Vier Darsteller in über 30 Rollen
Ob als herrlich depperter Polizist, androgyner Conferencier, falscher Professor, ungeschlachter Bauer, aufdringlicher Zeitungsjunge, charlestontanzende Gangsterbraut, übergriffige Hotelbesitzerin oder Weihnachtsengel: In an die 30 Rollen interagieren Joscha Schönhaus und Joël Dufey mit dem, den (unfreiwilligen) Helden Harray spielenden Harald Schröpfer und der seine jeweiligen weiblichen Counterparts darstellenden Roberta Monção wie in einem fortwährenden Tanz – mal stakkato, mal in Zeitlupe. Atemberaubend schnell wechseln die beiden, sämtliche Nebenrollen (mit viel Schottenkaro) bekleidenden Darsteller dabei nicht nur Kostüme, Kittel und Kopfbedeckungen, sondern auch das Geschlecht, um als Paar agieren zu können.

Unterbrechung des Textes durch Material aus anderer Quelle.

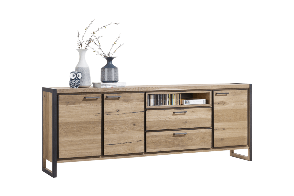 Découvrez un espace de rangement spacieux et une fusion d'influences avec ce magnifique buffet. Composé de 3 portes, 2 tiroirs et 1 niche, ce meuble de 240 cm associe l'élégance du bois à la modernité du métal, créant ainsi un design à la fois original et intemporel. Équipé d'un éclairage LED, il s'intègre parfaitement dans un couloir, un bureau ou un séjour. Ne manquez pas l'occasion de le découvrir dans notre showroom Meubles Belot à Soignies !

Dabei fallen sie immer wieder lustvoll aus den jeweiligen Rollen, um ihre jeweiligen Figuren aus einer anderen Perspektive vorzuführen. So telefoniert Harray mit dem vermeintlichen Professor, der jedoch gerade in der Rolle des Polizisten hinter ihm steht. Als der „Professor“ erschossen wird, weigert er sich zu sterben, weil das Stück ja schließlich für vier Schauspieler gedacht ist …
Multifunktionales Bühnenbild
Zwischen den Szenen betätigen sich die Schauspieler als Bühnenarbeiter, um das ebenso minimalistische wie geniale Bühnenbild von Petra Linsel immer wieder neu zu arrangieren. Dieses besteht aus zwei großen Holzkästen, die als Showbühne, Highland-Express-Abteil samt Eisenbahnbrücke, Bauernkate mit Schrankbetten oder Hotelzimmer fungieren. Ein Auto entsteht blitzschnell aus vier Hockern und zwei Lampen und wenn es darum geht, ein Sumpfgebiet oder eine Felsspalte zu improvisieren, müssen dann auch mal die Darsteller auf originelle Weise selbst herhalten.
Skurrile Figuren, überzeichnete Gesten in Slapstick-Manier, das halsbrecherische Tempo, witzige Dialoge („Nein! Doch! Oh!“ – Louis de Funès lässt grüßen) und Gute-Laune-Swing machen aus dem Theaterabend „ganz großes Kino“. Am Ende der Premiere durften Macher und Darsteller sich über begeisterten, langanhaltenden Applaus freuen.